Grass-fed butter comes from the milk of cows that eat a high-grass diet. This type of butter may have a stronger nutritional profile and more health benefits than regular butter.
Grass-fed meat and dairy products have gained popularity in the United States, based on their potential health benefits and concerns about animal welfare.
A cow’s diet affects the nutritional contents of their milk. According to some studies, grass-fed butter may have a better fat profile and texture than regular butter.
In this article, we look at the health benefits and nutrition of grass-fed butter, compared with regular butter.
Although cows naturally eat grass, it is more cost-effective for farmers to feed their cattle grain or corn. The United States primarily produces beef from grain-fed cows, which is common in many other areas of mass production.
The food that cows eat affects the nutritional content of their milk. Some research suggests that cows that eat more grass produce milk with a better nutritional profile and more benefits than regular milk.
Grass-fed butter may provide the following benefits, compared with grain-fed butter:
A more healthful fat profile
A 2006 study looked at how the properties of milk changed, depending on how much grass the cows were eating. The researchers noticed the following:
- Grass-fed milk contained less fat. Cows that ate more grass produced more milk, but no extra fat, meaning that the fat concentration in the milk was lower.
- Grass-fed milk contained more healthful fats. The more grass a cow ate, the more unsaturated fatty acids their milk contained, at the expense of saturated fats.
Higher in omega-3 fatty acids
According to older research, from 1993, butter from cows that ate green grass contained more omega-3 fatty acids than those that ate conserved grass, such as hay. This is because green grass contains these healthful fatty acids.
The authors suggest that “Milk from grass-fed cows may be nutritionally superior to milk from cows eating conserved grass.”
Omega-3 fatty acids play important roles in heart, brain, eye, and lung health. Studies suggest that omega-3s reduce the risk of some chronic diseases, such as heart disease and cancers, though more research is needed.
Rich in CLA
Research from 1999 says that grass-fed butter is also a source of conjugated linoleic acid (CLA), a natural fatty acid that could be useful in promoting fat loss.
According to a 2006 study, trained panelists reported that butter from cows with a higher-grass diet was likelier to melt in the mouth, a texture that many people find pleasant.
This may result from grass-fed butter having a lower melting temperature than regular butter and a different composition of fats.
Despite fears over the negative effects that butter — as a food high in saturated fats — can have on health, some believe that eating grass-fed butter in moderation is healthful.
However, like other animal products, even grass-fed butter contains saturated fats, and a person should limit their intake.
The American Heart Association (AHA) recommend that people restrict their consumption of foods high in saturated fats, including butter. Evidence suggests that these foods raise levels of LDL — or “bad” — cholesterol and increase the risk of heart disease.

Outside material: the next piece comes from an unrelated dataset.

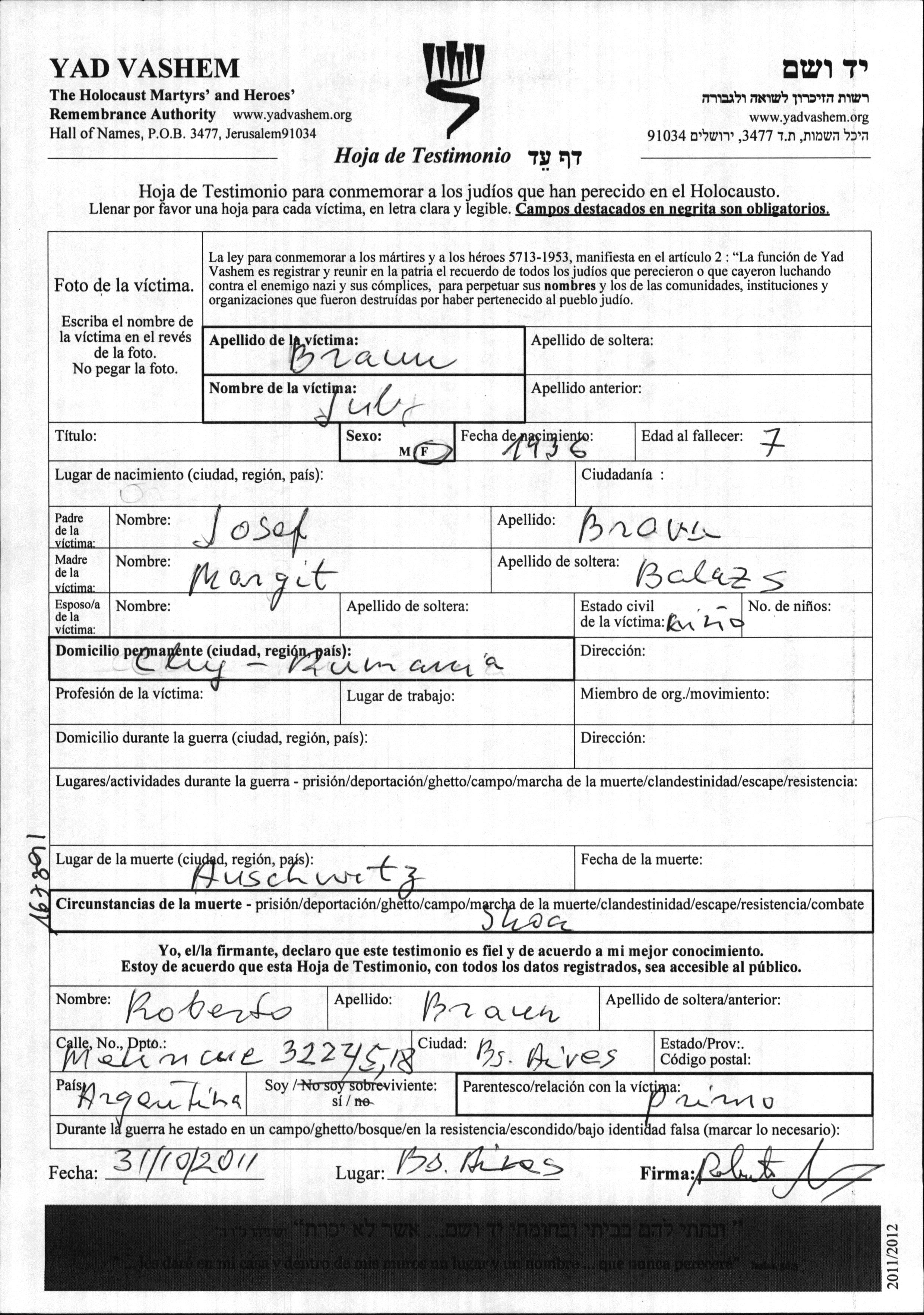Jul wurde in der Schoah ermordet. Todesort: Auschwitz, Polen.

The AHA also recommend that people replace saturated fats with unsaturated fats. Grass-fed butter contains a higher percentage of unsaturated fats than regular butter, which may make it a more healthful option, in moderation.
Eating lots of butter, grass-fed or otherwise, may also contribute to weight gain, especially when a person pairs it refined carbohydrates and sugars. People consuming butter should balance their diets accordingly to support their health.
Regular butter and grass-fed butter have different nutritional compositions, and grass-fed butter has many beneficial nutritional components that can help promote health.
Grass-fed butter can be healthful in limited amounts. When a person uses butter, it is important to consider the contents and balance the diet accordingly.